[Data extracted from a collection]
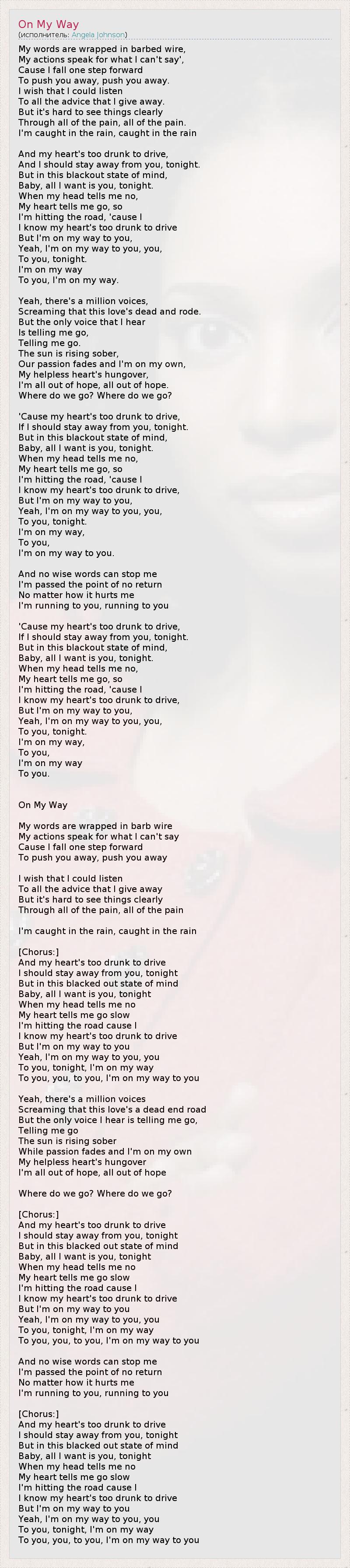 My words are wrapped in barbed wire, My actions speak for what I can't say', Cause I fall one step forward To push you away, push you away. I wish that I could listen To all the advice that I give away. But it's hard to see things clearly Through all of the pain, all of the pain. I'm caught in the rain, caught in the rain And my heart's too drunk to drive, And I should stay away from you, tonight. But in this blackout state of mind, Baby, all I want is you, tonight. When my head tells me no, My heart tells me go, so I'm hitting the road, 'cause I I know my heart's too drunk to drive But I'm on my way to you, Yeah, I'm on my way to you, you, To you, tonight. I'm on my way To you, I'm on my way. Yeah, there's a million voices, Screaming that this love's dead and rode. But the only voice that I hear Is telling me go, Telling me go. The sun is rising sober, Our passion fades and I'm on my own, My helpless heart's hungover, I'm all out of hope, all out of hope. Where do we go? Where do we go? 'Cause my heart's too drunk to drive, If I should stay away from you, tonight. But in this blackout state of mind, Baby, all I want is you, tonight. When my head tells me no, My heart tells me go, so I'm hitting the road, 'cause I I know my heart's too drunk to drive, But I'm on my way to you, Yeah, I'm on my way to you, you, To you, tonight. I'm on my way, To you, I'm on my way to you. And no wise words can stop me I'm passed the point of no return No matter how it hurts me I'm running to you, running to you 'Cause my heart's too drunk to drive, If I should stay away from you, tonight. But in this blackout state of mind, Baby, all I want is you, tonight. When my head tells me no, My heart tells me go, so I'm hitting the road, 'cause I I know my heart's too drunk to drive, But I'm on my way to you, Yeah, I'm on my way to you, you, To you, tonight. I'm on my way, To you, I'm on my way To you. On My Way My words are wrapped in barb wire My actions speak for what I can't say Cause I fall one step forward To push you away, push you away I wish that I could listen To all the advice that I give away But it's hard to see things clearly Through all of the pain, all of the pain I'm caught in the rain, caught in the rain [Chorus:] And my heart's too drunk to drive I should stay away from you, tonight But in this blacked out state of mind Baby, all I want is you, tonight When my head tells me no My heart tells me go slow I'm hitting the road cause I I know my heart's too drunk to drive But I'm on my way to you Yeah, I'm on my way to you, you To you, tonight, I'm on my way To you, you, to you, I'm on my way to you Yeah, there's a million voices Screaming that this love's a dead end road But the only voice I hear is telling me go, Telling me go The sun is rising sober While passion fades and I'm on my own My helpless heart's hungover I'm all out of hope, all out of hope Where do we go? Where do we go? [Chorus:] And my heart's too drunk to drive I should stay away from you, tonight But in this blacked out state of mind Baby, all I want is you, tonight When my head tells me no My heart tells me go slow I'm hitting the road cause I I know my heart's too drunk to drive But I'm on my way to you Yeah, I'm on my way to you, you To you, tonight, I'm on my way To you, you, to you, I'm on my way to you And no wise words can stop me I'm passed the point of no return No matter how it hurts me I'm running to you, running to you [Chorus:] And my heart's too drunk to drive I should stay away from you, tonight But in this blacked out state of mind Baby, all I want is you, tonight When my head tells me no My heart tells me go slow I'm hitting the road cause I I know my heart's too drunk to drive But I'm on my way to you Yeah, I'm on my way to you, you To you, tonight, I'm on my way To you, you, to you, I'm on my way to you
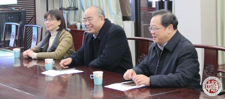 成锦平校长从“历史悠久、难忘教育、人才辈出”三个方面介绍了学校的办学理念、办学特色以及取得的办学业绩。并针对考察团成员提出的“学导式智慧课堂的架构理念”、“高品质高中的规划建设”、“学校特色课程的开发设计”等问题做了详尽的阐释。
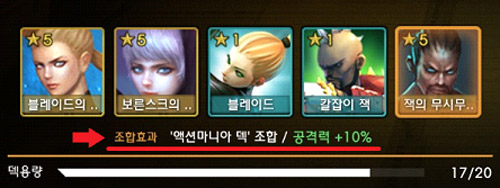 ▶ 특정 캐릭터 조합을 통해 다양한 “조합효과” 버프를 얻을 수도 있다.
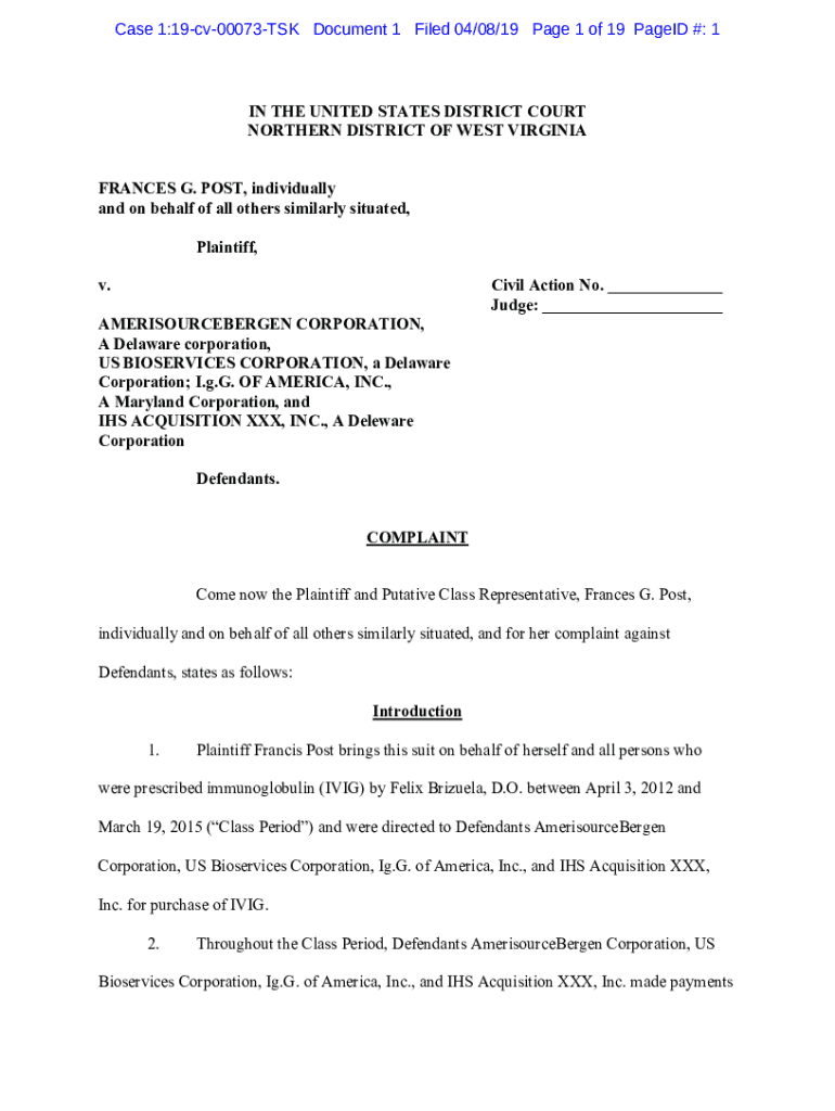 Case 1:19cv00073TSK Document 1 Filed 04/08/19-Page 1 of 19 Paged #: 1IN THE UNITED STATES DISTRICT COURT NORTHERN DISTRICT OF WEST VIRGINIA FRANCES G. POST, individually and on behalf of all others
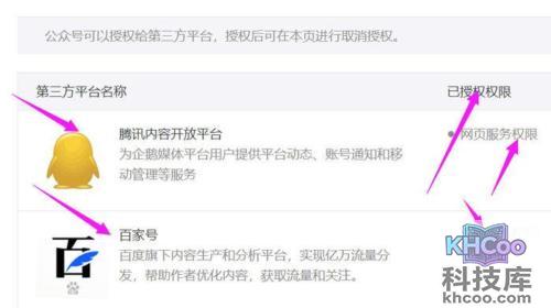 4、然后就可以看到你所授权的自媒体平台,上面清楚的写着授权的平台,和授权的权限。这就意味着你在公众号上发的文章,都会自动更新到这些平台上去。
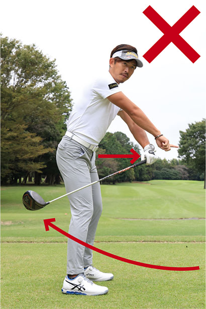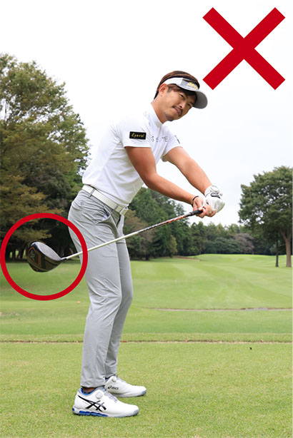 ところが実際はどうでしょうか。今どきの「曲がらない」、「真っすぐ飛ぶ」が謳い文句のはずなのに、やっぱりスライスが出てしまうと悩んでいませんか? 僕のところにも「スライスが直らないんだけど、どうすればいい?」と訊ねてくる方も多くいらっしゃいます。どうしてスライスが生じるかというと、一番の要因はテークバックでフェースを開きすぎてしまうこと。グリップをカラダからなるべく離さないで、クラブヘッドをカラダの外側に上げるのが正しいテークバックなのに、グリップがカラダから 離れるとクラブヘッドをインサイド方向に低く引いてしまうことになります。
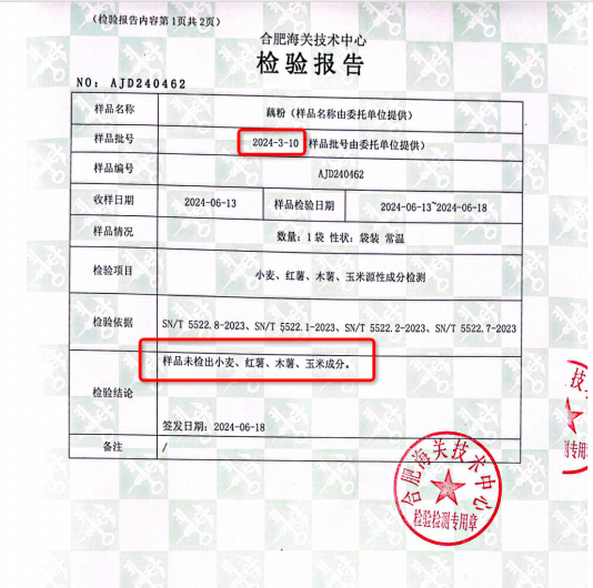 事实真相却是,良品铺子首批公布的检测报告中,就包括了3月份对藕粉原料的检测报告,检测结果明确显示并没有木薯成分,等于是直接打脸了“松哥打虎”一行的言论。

* * *

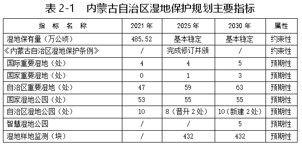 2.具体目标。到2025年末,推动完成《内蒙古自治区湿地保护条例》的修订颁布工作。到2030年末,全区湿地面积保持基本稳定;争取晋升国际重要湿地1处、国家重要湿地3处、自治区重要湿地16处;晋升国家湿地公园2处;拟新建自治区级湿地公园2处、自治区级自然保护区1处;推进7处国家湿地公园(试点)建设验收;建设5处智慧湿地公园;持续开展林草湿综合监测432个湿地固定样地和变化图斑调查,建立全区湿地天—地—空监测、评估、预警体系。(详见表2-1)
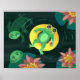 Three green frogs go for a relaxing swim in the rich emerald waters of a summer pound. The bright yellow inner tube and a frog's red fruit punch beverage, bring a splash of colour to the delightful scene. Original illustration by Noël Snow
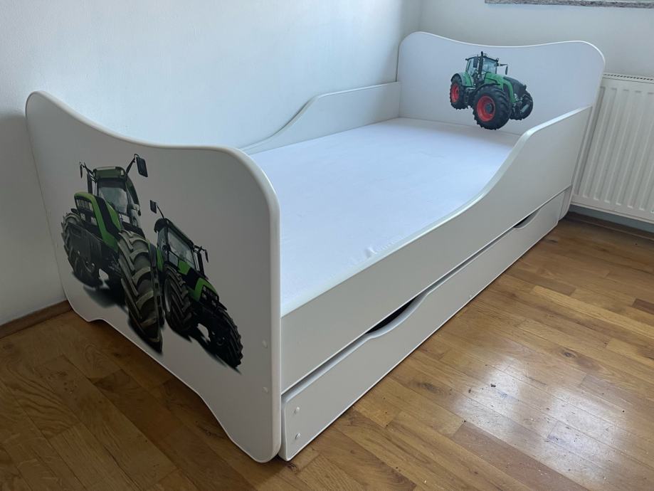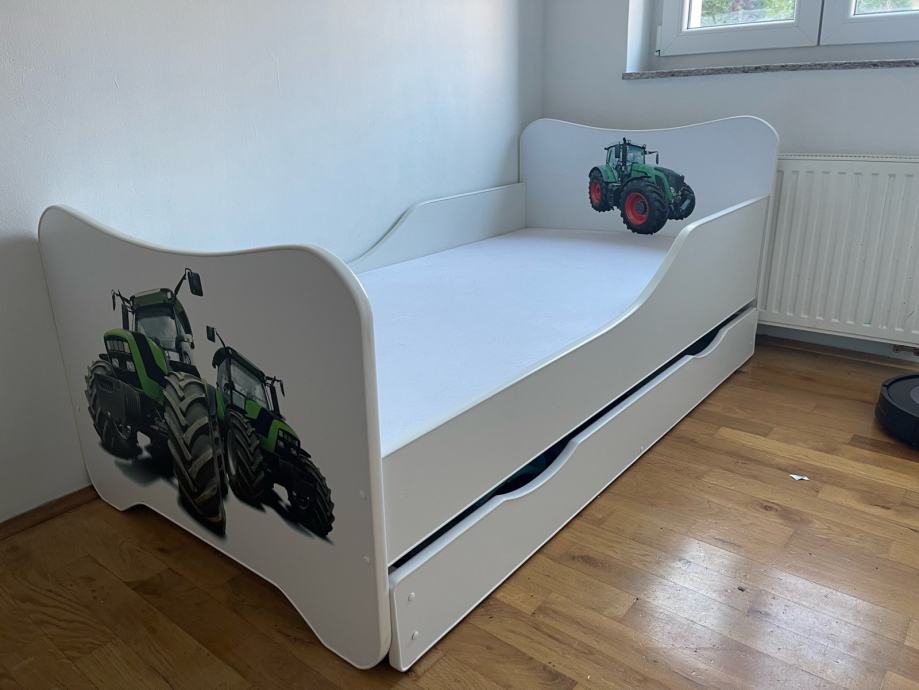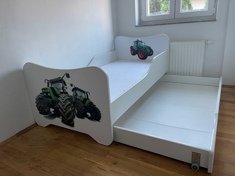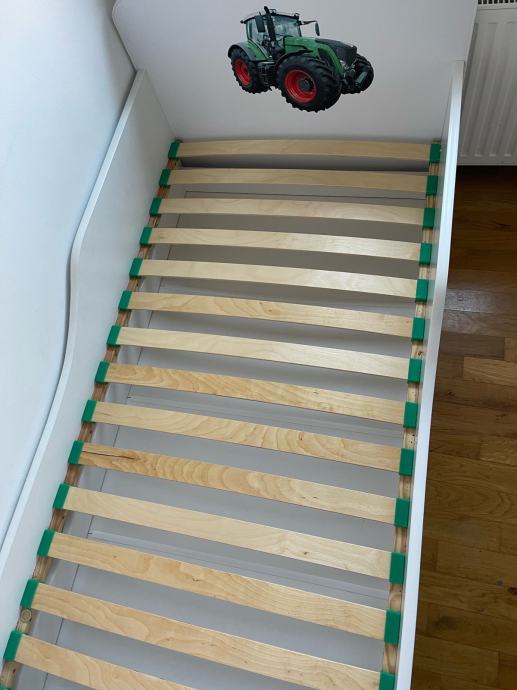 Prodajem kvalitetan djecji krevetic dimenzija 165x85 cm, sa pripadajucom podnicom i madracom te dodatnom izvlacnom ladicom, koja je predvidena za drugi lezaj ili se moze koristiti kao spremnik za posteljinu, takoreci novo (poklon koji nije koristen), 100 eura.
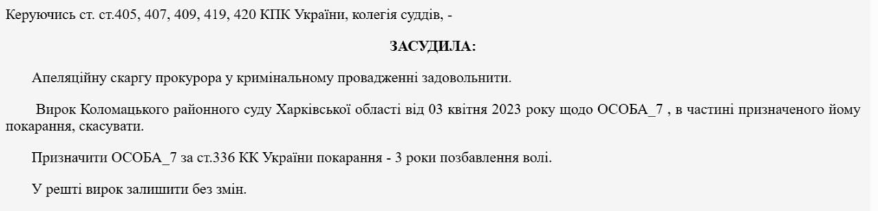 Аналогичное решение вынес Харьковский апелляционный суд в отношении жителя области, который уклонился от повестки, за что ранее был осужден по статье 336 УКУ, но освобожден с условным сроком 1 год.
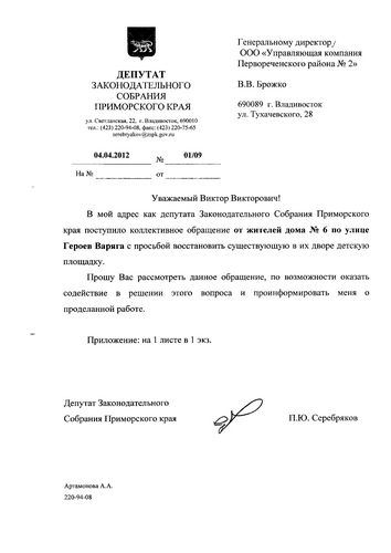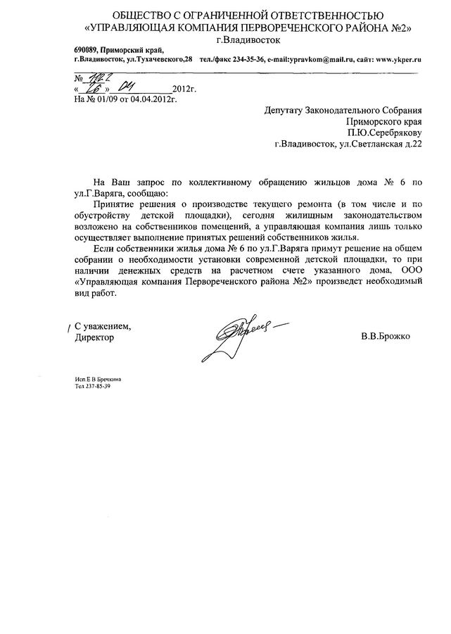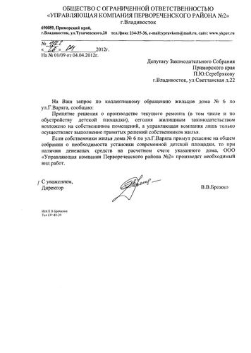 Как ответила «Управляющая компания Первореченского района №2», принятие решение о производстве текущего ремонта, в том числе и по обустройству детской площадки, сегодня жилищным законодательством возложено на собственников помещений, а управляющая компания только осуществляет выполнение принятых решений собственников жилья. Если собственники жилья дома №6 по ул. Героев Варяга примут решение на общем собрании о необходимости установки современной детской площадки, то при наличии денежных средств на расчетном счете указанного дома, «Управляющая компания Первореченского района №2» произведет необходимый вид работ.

Task objective:
Copy word for word the lines above, starting at the line containing "버프를 얻을 수도 있다." and ending at the line containing "4、然后就可以看到你所授权的", inclusive, with no pictures.

Your solution:
 ▶ 특정 캐릭터 조합을 통해 다양한 “조합효과” 버프를 얻을 수도 있다.
 Case 1:19cv00073TSK Document 1 Filed 04/08/19-Page 1 of 19 Paged #: 1IN THE UNITED STATES DISTRICT COURT NORTHERN DISTRICT OF WEST VIRGINIA FRANCES G. POST, individually and on behalf of all others
 4、然后就可以看到你所授权的自媒体平台,上面清楚的写着授权的平台,和授权的权限。这就意味着你在公众号上发的文章,都会自动更新到这些平台上去。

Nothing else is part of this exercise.